Core facts and technical details

The most concrete technical claims repeated across the discussion:

Two models

V4 Pro: 1.6T total parameters / 49B active

V4 Flash: 284B total / 13B active

Reported by @ArtificialAnlys, @teortaxesTex, @baseten, @NVIDIAAI

Context

1M tokens, up from 128K in V3.2 per @ArtificialAnlys

Multiple posters frame this as the headline achievement: “solid ultra-long context” @teortaxesTex

Training scale

32T–33T tokens cited repeatedly

@nrehiew_ notes 32T tokens over 1.6T parameters, i.e. roughly 20 tokens/parameter

@teortaxesTex cites 33T

@nrehiew_ estimates pretraining compute at ~1e25 FLOPs

Reasoning / modes

DeepSeek exposes three reasoning modes per @Togethercompute

Hybrid “thinking/non-thinking” positioning noted by @ArtificialAnlys

Long-context architecture

Several threads summarize a new hybrid attention system:

shared KV vectors

compressed KV streams

sparse attention over compressed tokens

local/sliding-window attention for nearby context

@ZhihuFrontier gives the most compact public summary:

2× KV reduction via shared key-value vectors

c4a ≈ 4× compression

c128a ≈ 128× compression

top-k sparse attention on compressed tokens

128-token sliding window

1M context KV cache = 9.62 GiB/sequence (bf16)

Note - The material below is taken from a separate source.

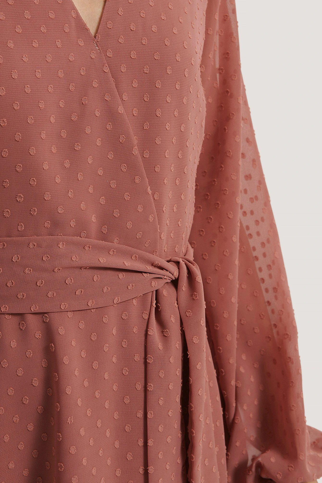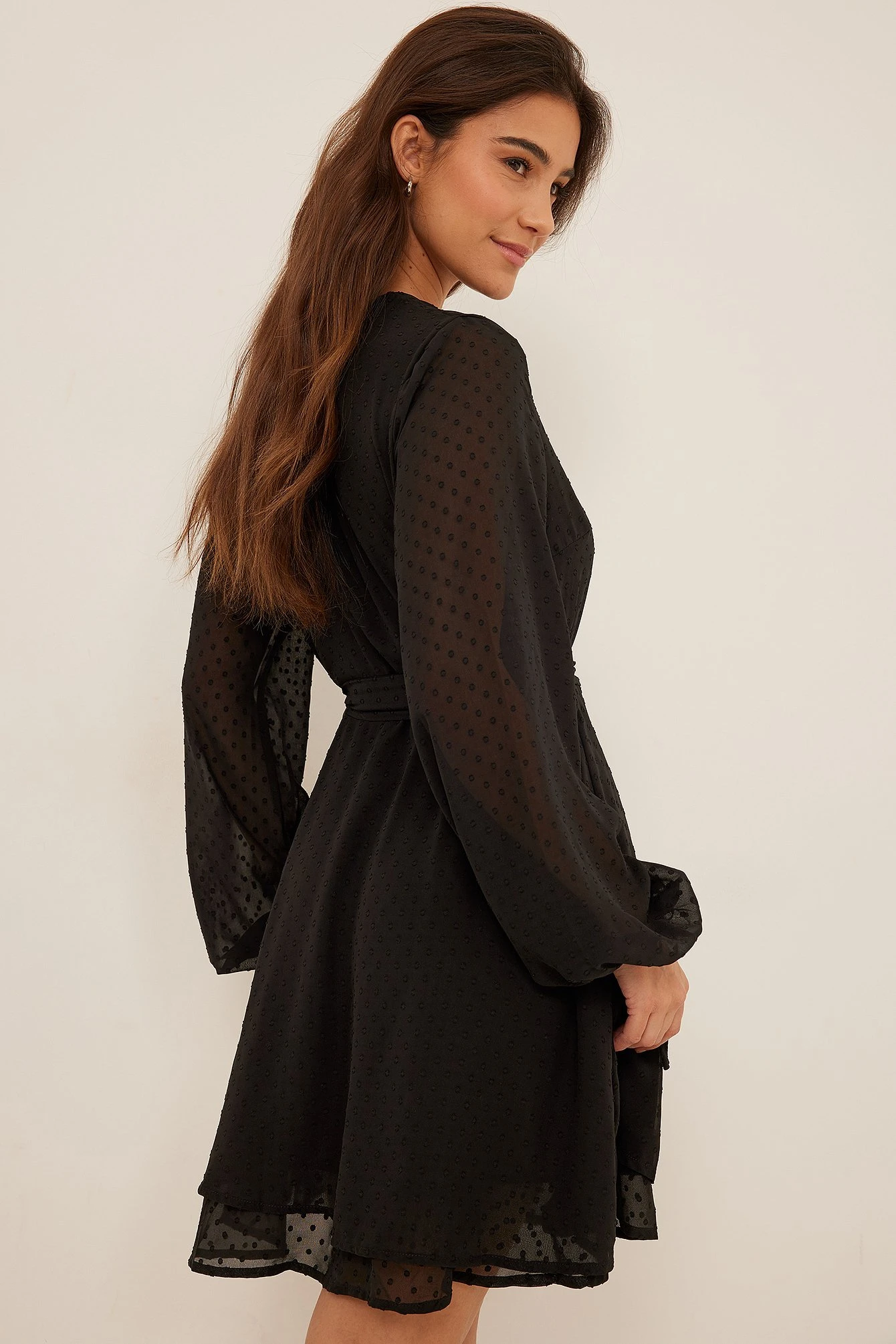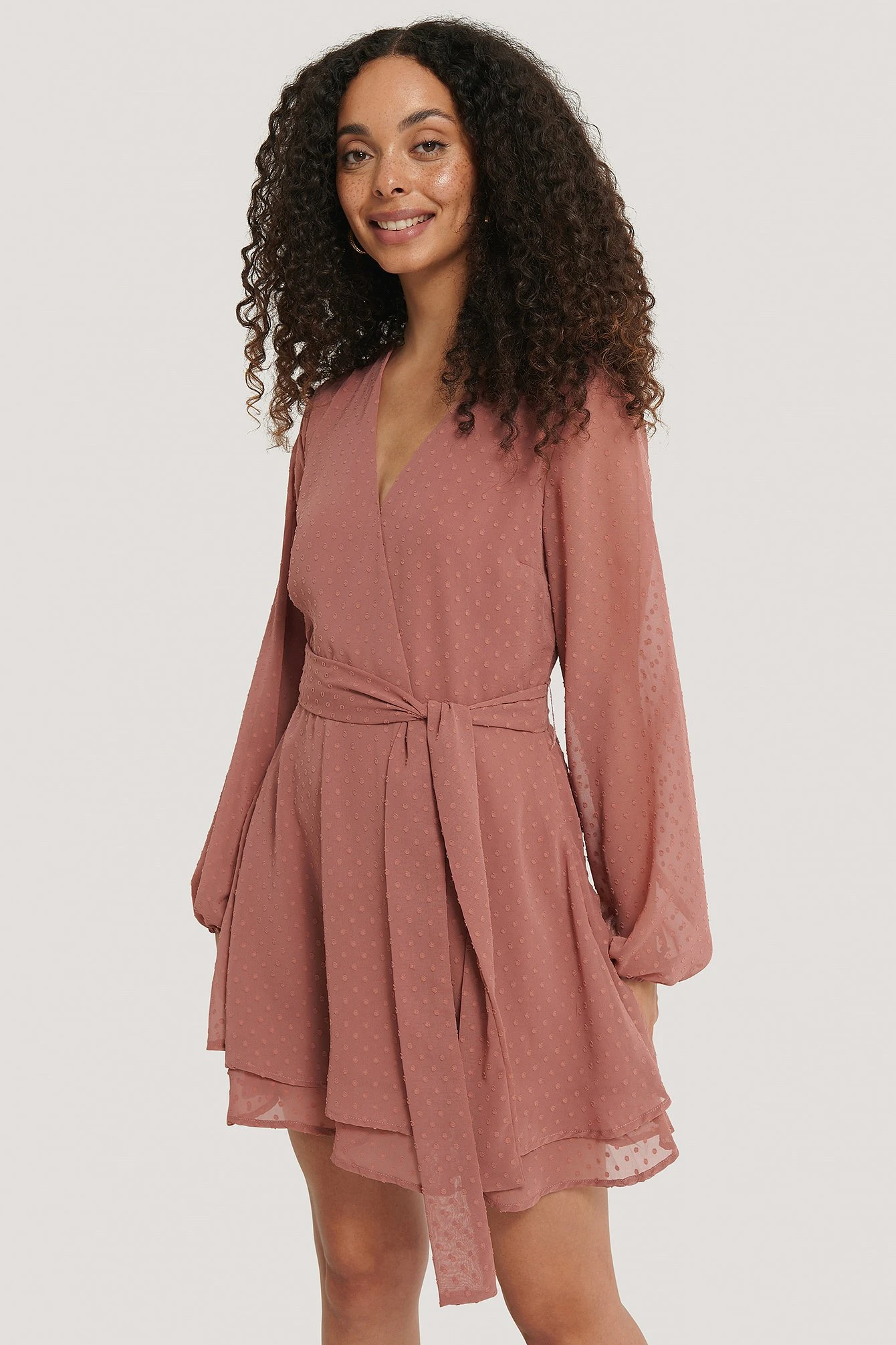 Cette robe courte a un design chevauchant avec un pointillé, des manches longues avec détails auto-sérrés aux manchettes, une ceinture ajustable et une épaisseur ruchée sur l’ourlet.

8.7× smaller than DeepSeek V3.2’s 83.9 GiB

FP4 index cache + FP8 attention cache gives another ~2× reduction

@ben_burtenshaw condenses this to “10× smaller KV cache”

@TheZachMueller and @TheZachMueller describe CSA + HCA layer patterns, with alternating layers and V4 Flash using sliding-window layers instead of HCA in some places

Quantization / checkpoint format

@LambdaAPI: checkpoint is mixed FP4 + FP8

MoE expert weights in FP4

attention / norm / router in FP8

claim: the full model fits on a single 8×B200 node

Inference hardware / serving

@NVIDIAAI: on Blackwell Ultra, V4 Pro can deliver 150+ TPS/user interactivity for agentic workflows

@NVIDIAAI: published day-0 V4 Pro performance pareto using vLLM

@SemiAnalysis_: day-0 support and benchmarking across H200, MI355, B200, B300, GB200/300

@Prince_Canuma: DeepSeek4-Flash on 256GB Mac

@Prince_Canuma: MLX quants published

@simonw asks about smaller-RAM Mac viability, implying community interest but incomplete support story

@QuixiAI reminds users that many local stacks still lack tensor parallel, relevant because V4-class models strongly stress inference infra

License / availability / pricing

MIT license per @ArtificialAnlys

first-party API plus rapid third-party availability via @Togethercompute, @baseten, @NousResearch, @Teknium

V4 Pro pricing: $1.74 / $3.48 per 1M input/output tokens

V4 Flash pricing: $0.14 / $0.28

cache-hit pricing also given by @ArtificialAnlys

@scaling01 views the pricing as a glimpse of future “Mythos-level” cheap coding models

Reuters-via-posted quote from @scaling01: DeepSeek said Pro pricing could fall sharply once Huawei Ascend 950 supernodes are deployed at scale in H2

Independent evaluations and where V4 lands

The most useful independent benchmark synthesis came from @ArtificialAnlys:

V4 Pro Max: 52 on Artificial Analysis Intelligence Index

up 10 points from V3.2 at 42

becomes #2 open weights reasoning model, behind Kimi K2.6 (54)

V4 Flash Max: 47

positioned around strong mid/high open models, “Claude Sonnet 4.6 max level intelligence”

GDPval-AA (agentic real-world work):

V4 Pro: 1554, leading open-weight models

ahead of Kimi K2.6 (1484), GLM-5.1 (1535), MiniMax-M2.7 (1514)

AA-Omniscience

V4 Pro: -10, an 11-point improvement over V3.2

but still paired with 94% hallucination rate

V4 Flash: 96% hallucination rate

Cost to run AA Index

V4 Pro: $1,071

V4 Flash: $113

Output tokens used on AA Index

V4 Pro: 190M

V4 Flash: 240M

This is a major caveat: cheap per-token pricing does not imply cheap total task cost if the model spills huge token volumes

Additional eval perspectives:

@arena:

#2 open in Text Arena overall at debut

category wins/placements:

#1 Medical & Healthcare

#15 Creative Writing

#18 Multi-Turn

thinking variant:

#8 Math

#9 Life/Physical/Social Science

@arena emphasizes the Pro vs Flash tradeoff:

Pro ranks ~30 places higher

costs 12× more

Flash is still competitive in Chinese, medicine, math

@scaling01:

“~Opus 4.5 estimate holds for now, at least on SimpleBench”

@scaling01:

V4 is “definitely better than GLM-5.1 but not quite Opus 4.7, GPT-5.4 or Gemini 3.1 Pro”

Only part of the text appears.